Передние въездные ворота и церковь Вознесения. Вид с запада

Открывал эту процедуру хозяин дома, предварив ее короткой молитвой. Староверы ели медленно, тщательно пережевывая мясо и стараясь не капать на стол. Взрослые помогали детям.

Вслед за обедом наступал черед отдыха. Спали на лежанках, на чердаке, на печке, но в сад не выходили. Детей отпускали на волю, и это было наше с Леной любимое время.

Семья Лены несомненно принадлежала к консервативной части староверов. Другие были не так ревностны.

В просторной комнате приходского священника отца Петра стоял квадратный стол, накрытый белой скатертью с красной каймой. На столе постоянно дымился самовар. Старший сын батюшки Юрий Петрович не пошел по стопам отца, а выучился на инженера и служил в Москве, приезжая в Коломенское только по воскресеньям. Дочь Шура работала где-то на окраине города и жила в общежитии. Отец Петр относился к выбору своих детей спокойно, требуя от них лишь неукоснительной веры в Господа и соблюдения постов. В храм ходили всей семьей.

* * *

В период НЭПа, вплоть до середины 1929 года, Коломенское процветало. В центре села располагалась торговая лавка Брыкиной. Меня часто посылали в лавку за хлебом, сахаром и всякой мелочью. В свободное время ко мне присоединялась Лена.

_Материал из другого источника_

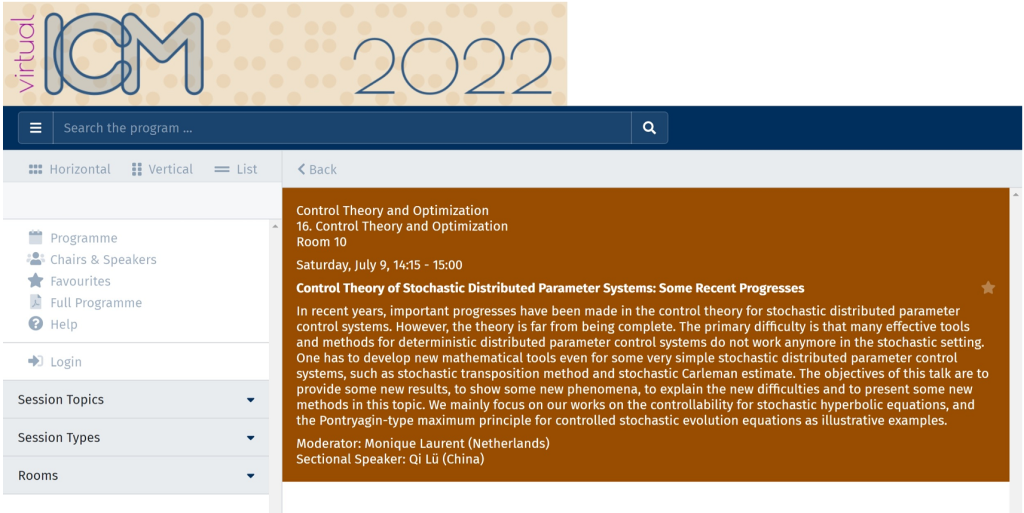 吕琦教授7月9日以《Control Theory of Stochastic Distributed Parameter Systems: Some Recent Progresses》为题作了45分钟报告,分享自己在随机分布参数系统控制理论方面取得的成果与进展。

Удивительно заманчиво выглядели душистые пряники, большие тульские и маленькие вяземские, с застывшей на них сахарной слезой. Но особенный восторг у нас вызывали «сахарные головы» – спрессованный в пирамидальную форму сахар в синей обертке, прозванный местными жителями «синий мундир – белая подкладка». «Сахарные головы» мало кто покупал. Они стоили дорого, сахар нужно было откалывать специальными щипчиками и пить чай «в прикуску». Народ предпочитал сахарный песок.

В лавке Брыкиной водилась всевозможная снедь: копченая, соленая и заливная рыба, окорока, студень, колбасы – да чего там только не было. Впрочем, селяне не имели обыкновения лакомиться и жили в основном натуральным хозяйством. Едой считали хлеб и мясо, овощи к столу не подавали. Каждый мог пойти в огород и сорвать огурец или сжевать пучок зеленого лука, съесть на ходу морковку, яблоко. Огороды охраняли только от птиц, втыкая в землю тряпочное чучело.

Цековь Вознесения, 1532 г. Церковь Георгия Победоносца, вторая половина XVI в. Водовзводная башня, 1630-1640 гг.

* * *

После уборки урожая коломенцы готовились к свадьбам. Это было незабываемое зрелище.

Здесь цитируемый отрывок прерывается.